6. Comparison with Base64

   In a UTF-8 encoded XML entity, Base85-encoded data will be about 25
   percent larger than the unencoded data.  In other character
   encodings, such as UTF-16, Base85 may be far from optimal, but it
   will still compare favorably with Base64.

   Asymptotically, Base85 encoded data requires 15/16 (93.75%) of the
   storage needed by Base64.  For long runs of zero bytes, the asymptote
   shrinks to 3/16 (18.75%).  The comparison is slightly more favorable
   for shorter blocks of data.  Ignoring zero-compression, data blocks
   of 1 to 32 bytes in length will require, on average, 89.84% of the
   space needed by Base64 (this is largely due to the padding
   requirement in Base64).  In particular, 128-bit numbers can be
   represented with just 20 characters in Base85, compared to 24 in
   Base64, so the ratio is 83.33% for that common case.

   Put another way, Base85 asymptotically has only 3/4 of the overhead
   of Base64 (in a UTF-8 encoded entity).  For a 128-bit number, it has
   1/2 the overhead.


Security Considerations

   When implementing base encoding and decoding, care should be taken
   not to introduce vulnerabilities to buffer overflow attacks, or other
   attacks on the implementation.  A decoder should not break on invalid
   input including, for example, embedded NUL characters (ASCII 0).

   If invalid digits are ignored, instead of causing rejection of the
   entire encoding (as recommended), a covert channel that can be used
   to "leak" information is made possible.  The implications of this
   should be understood in applications that do not follow the
   recommended practice.  Whitespace in the midst of Base85-encoded data
   in XML documents can of course form such a covert channel.  However,
   this is true for all whitespace in an XML document, so applications
   that read and write XML documents must be aware of this anyway.

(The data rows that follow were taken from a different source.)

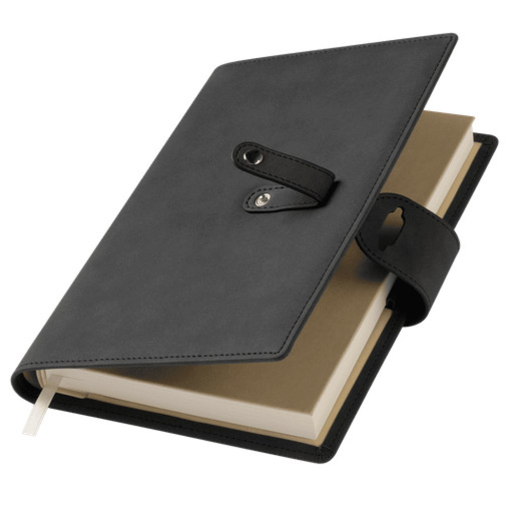 Застежка двойная – состоит из ремешка с металлической кнопкой и декоративной петли из материала обложки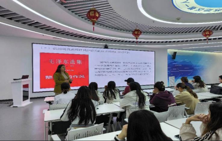 ▲工作组为实习生讲授“持续推进党的作风建设”专题思政课。
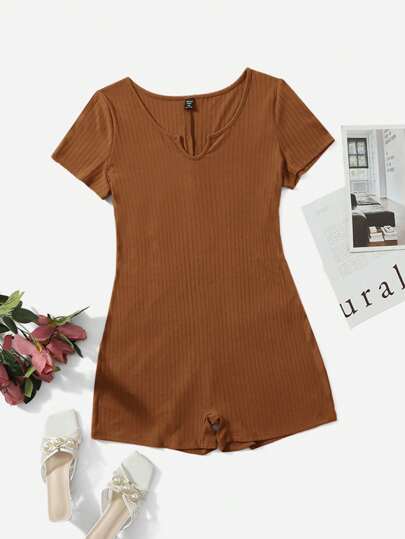 SHEIN Essnce 大碼缺口領條紋針織連身短褲 - 棕色 - 查看 1
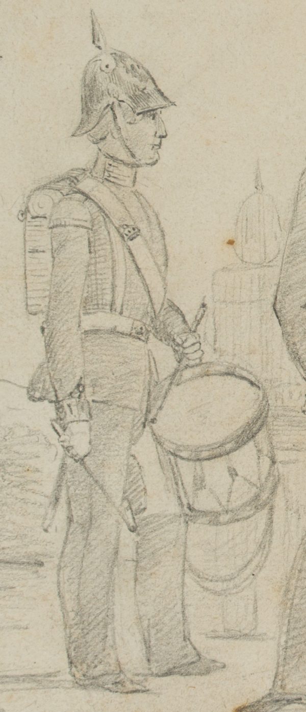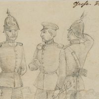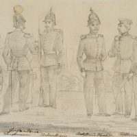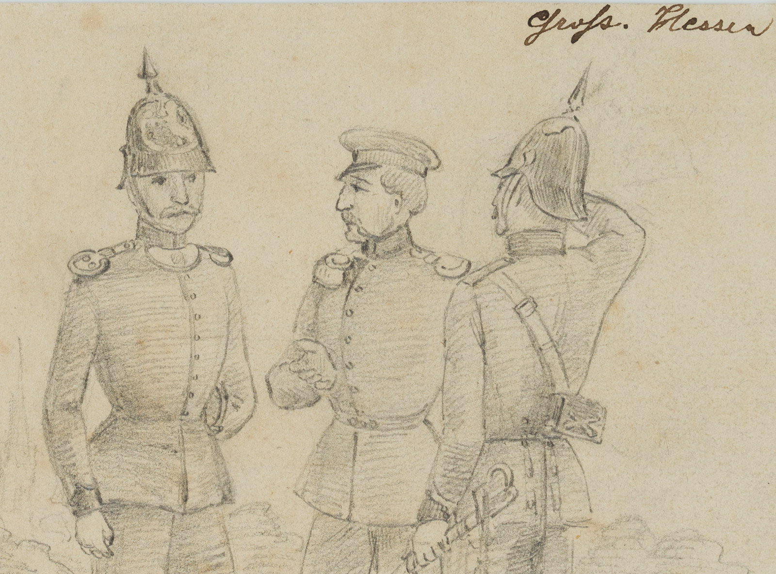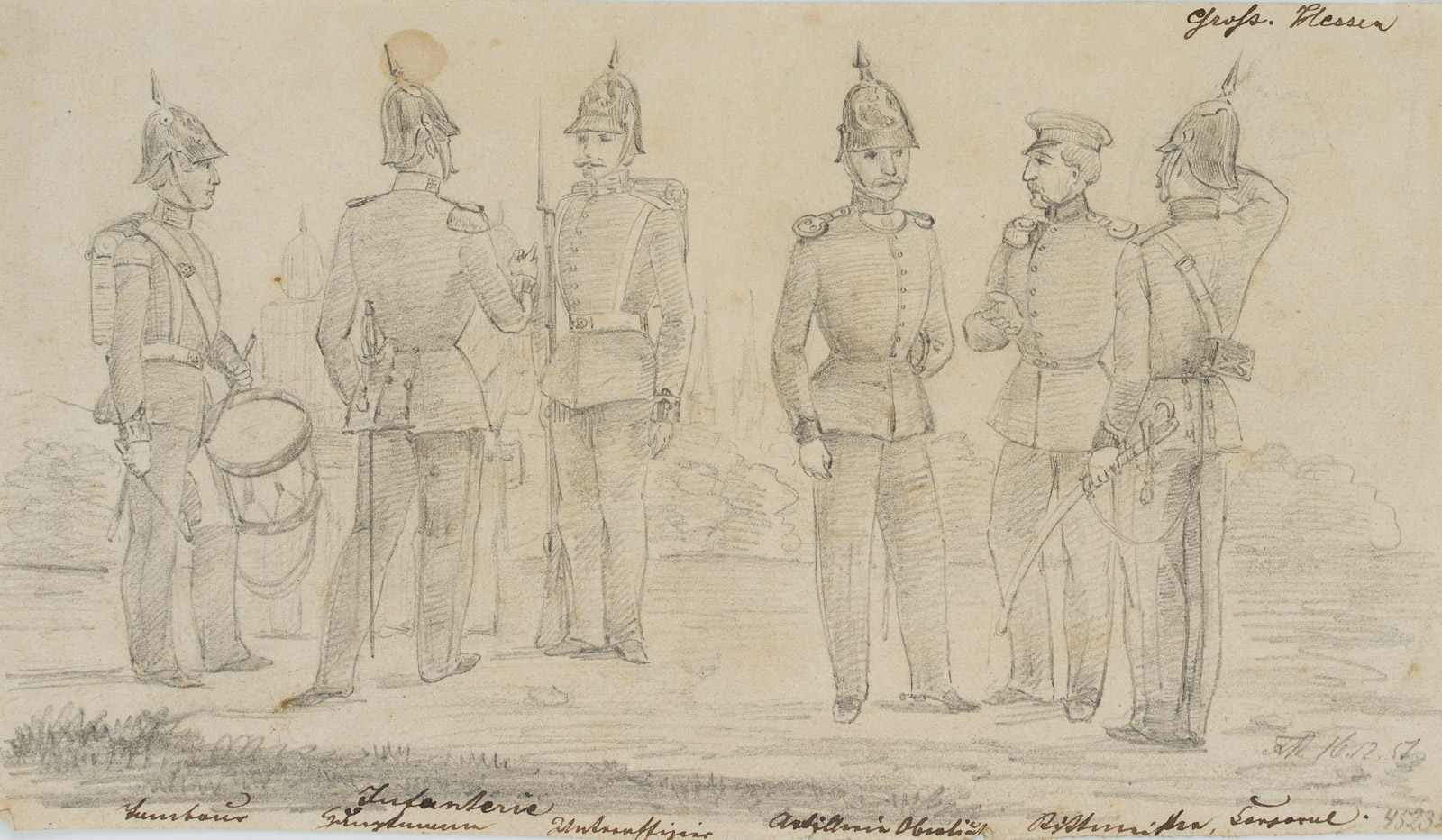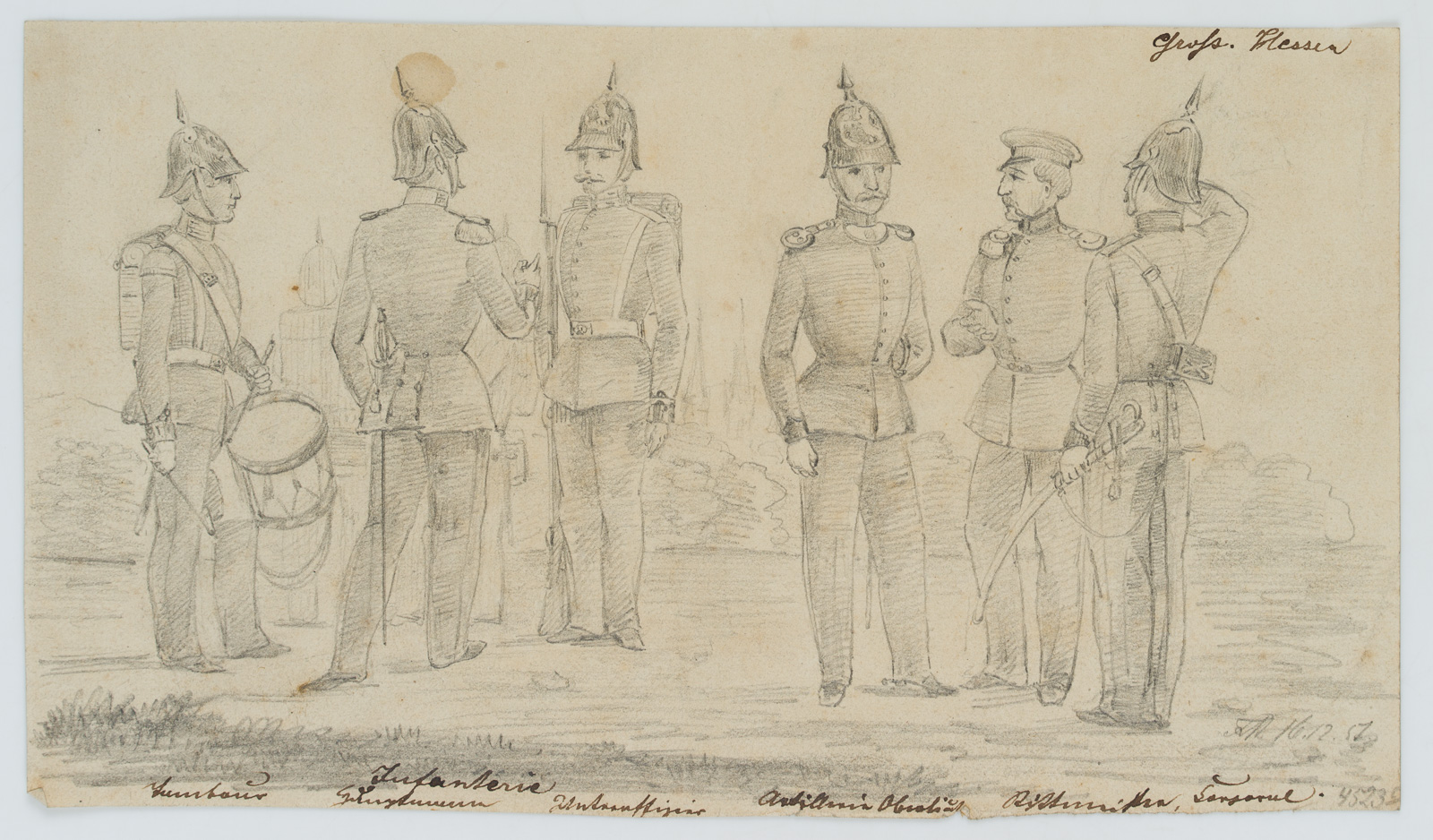 - Bezeichnung: Unten rechts datiert “16.12.’51”. In der rechten oberen Bildecke bezeichnet in brauner Tinte: “Großherz. Hessen” und am unteren Bildrand: “Tambour / Infanterie / Artillerie / Rittermeister / Leutnant”.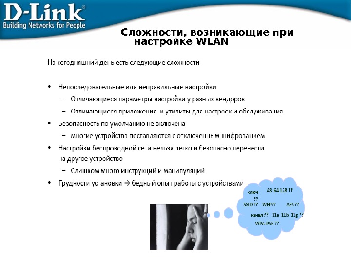 Outdoor&Enterprise 802. 11 g 54 Мбит / сек DWA-510 DWA-110 DWL-2100 APDWA-610 DAP-1150 DIR-400 DWA-120 DWA-520 802. 11 g + 108 Мбит / сек DWL-G 550 DWL-3260 AP DAP-3220 DWL-2700 APСравнительная таблица линеек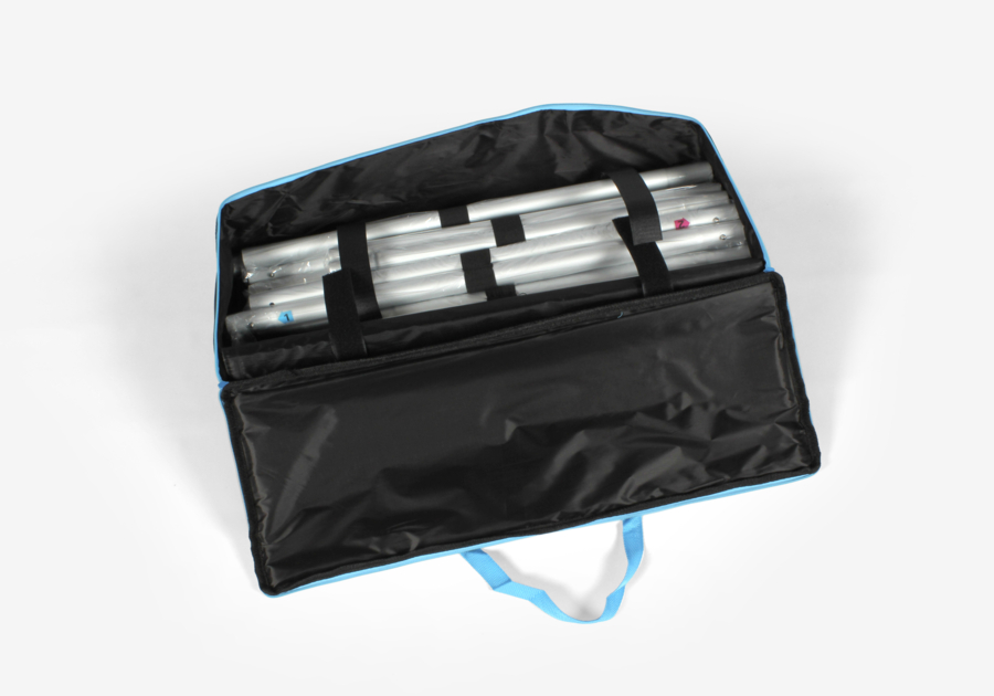 Una vez desmontado, el stand tubular ocupa muy poco espacio. Se guarda fácilmente en una bolsa de transporte y puede almacenarse sin dificultad, incluso en espacios reducidos.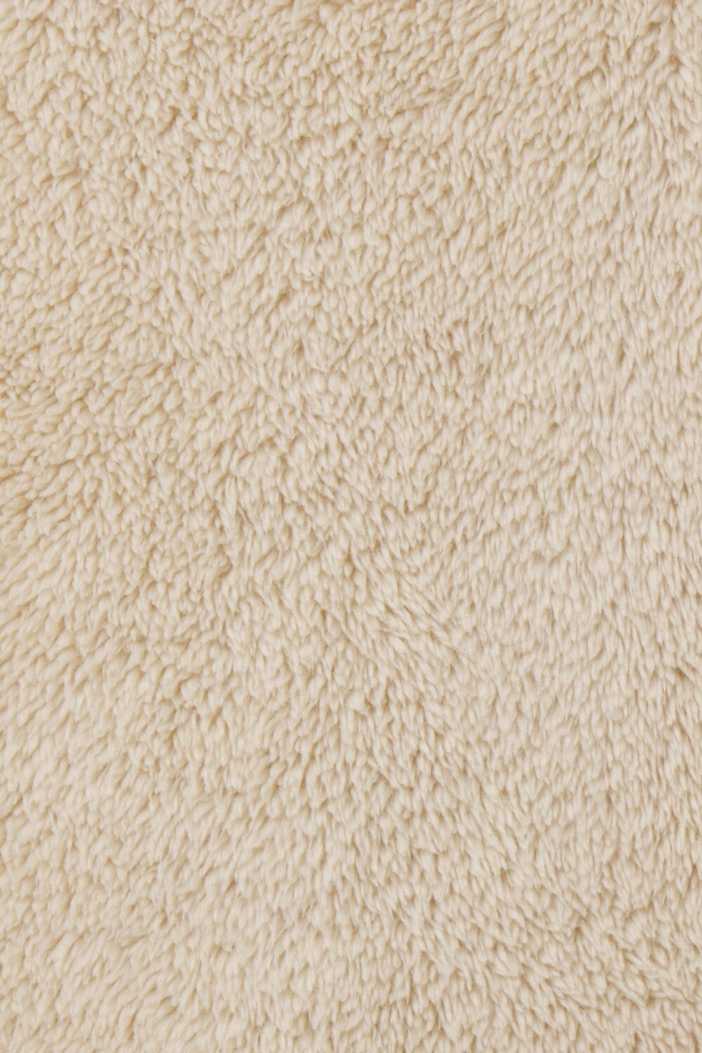The Wilder Jacket is a perfectly cropped jacket with symmetrical patch pockets, large folded collar and hidden snap front closures, constructed in incredibly soft fleece with printed fabric lining and finished with ribbon trim. Shown here in Oat and made from soft polyester.

   Base encoding visually hides otherwise easily recognized information,
   such as passwords, but does not provide any computational
   confidentiality.  This has been known to cause security incidents
   when, for example, a user reports details of a network protocol
   exchange (perhaps to illustrate some other problem) and accidentally
   reveals the password because he or she is unaware that the base
   encoding does not protect the password.






Kwiatkowski               Expires - March 2004                 [Page 11]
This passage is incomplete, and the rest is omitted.